**YOUR GOAL:** After locating the line that holds "старается удержаться драндулет.", repeat it and each following line exactly until the material ends, skipping pictures.
*** Opening DATA FOR ANALYSIS ***
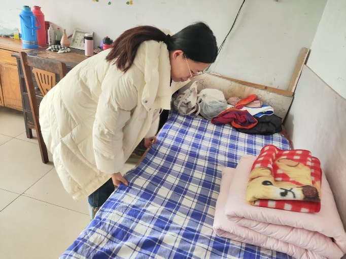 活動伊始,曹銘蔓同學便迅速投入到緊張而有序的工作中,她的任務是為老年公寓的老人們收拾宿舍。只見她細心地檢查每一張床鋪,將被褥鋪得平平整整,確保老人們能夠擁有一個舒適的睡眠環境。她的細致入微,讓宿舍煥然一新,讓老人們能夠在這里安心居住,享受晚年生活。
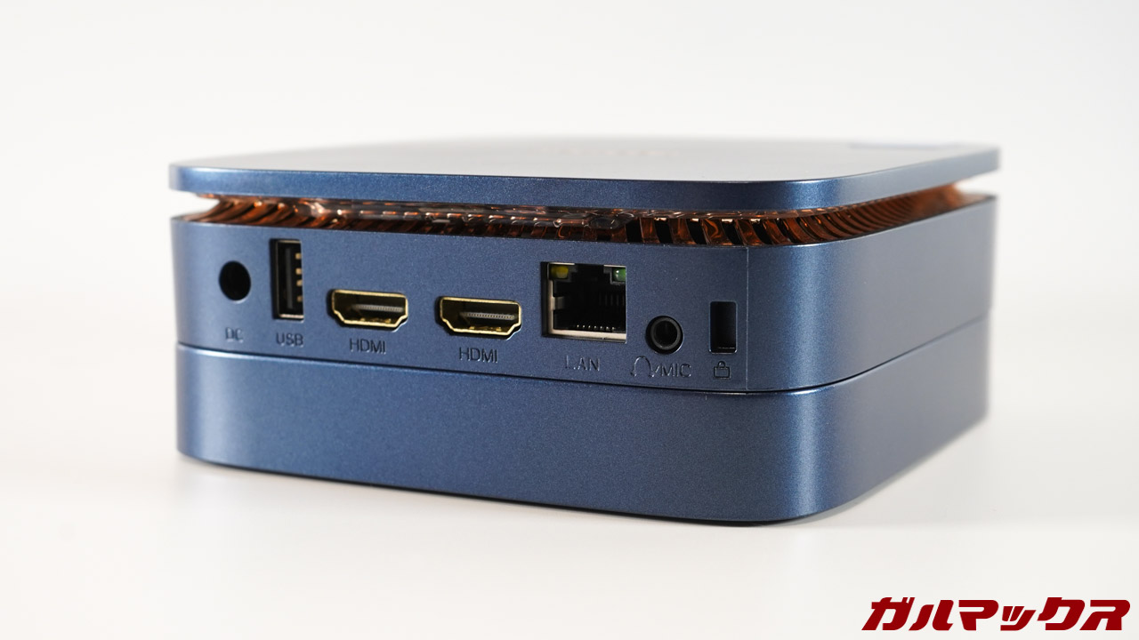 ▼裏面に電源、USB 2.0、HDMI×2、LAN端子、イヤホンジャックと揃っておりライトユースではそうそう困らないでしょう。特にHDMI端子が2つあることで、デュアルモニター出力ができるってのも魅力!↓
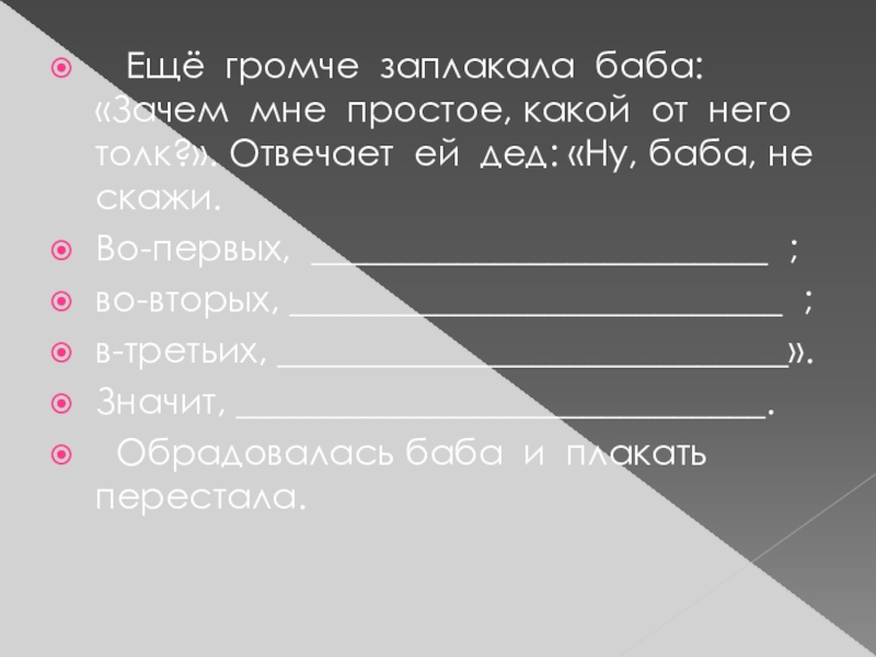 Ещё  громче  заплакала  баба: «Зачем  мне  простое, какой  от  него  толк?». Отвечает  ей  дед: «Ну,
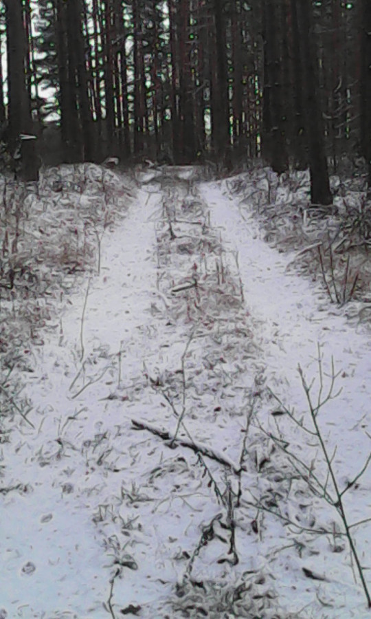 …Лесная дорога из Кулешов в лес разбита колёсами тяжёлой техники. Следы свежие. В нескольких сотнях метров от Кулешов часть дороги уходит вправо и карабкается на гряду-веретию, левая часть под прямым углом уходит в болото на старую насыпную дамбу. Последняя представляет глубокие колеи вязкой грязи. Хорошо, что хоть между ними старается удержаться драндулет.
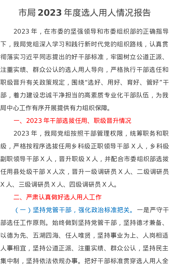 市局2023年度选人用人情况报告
*** Closing DATA FOR ANALYSIS ***
**ANSWER FOR THIS EXERCISE:**
 …Лесная дорога из Кулешов в лес разбита колёсами тяжёлой техники. Следы свежие. В нескольких сотнях метров от Кулешов часть дороги уходит вправо и карабкается на гряду-веретию, левая часть под прямым углом уходит в болото на старую насыпную дамбу. Последняя представляет глубокие колеи вязкой грязи. Хорошо, что хоть между ними старается удержаться драндулет.
 市局2023年度选人用人情况报告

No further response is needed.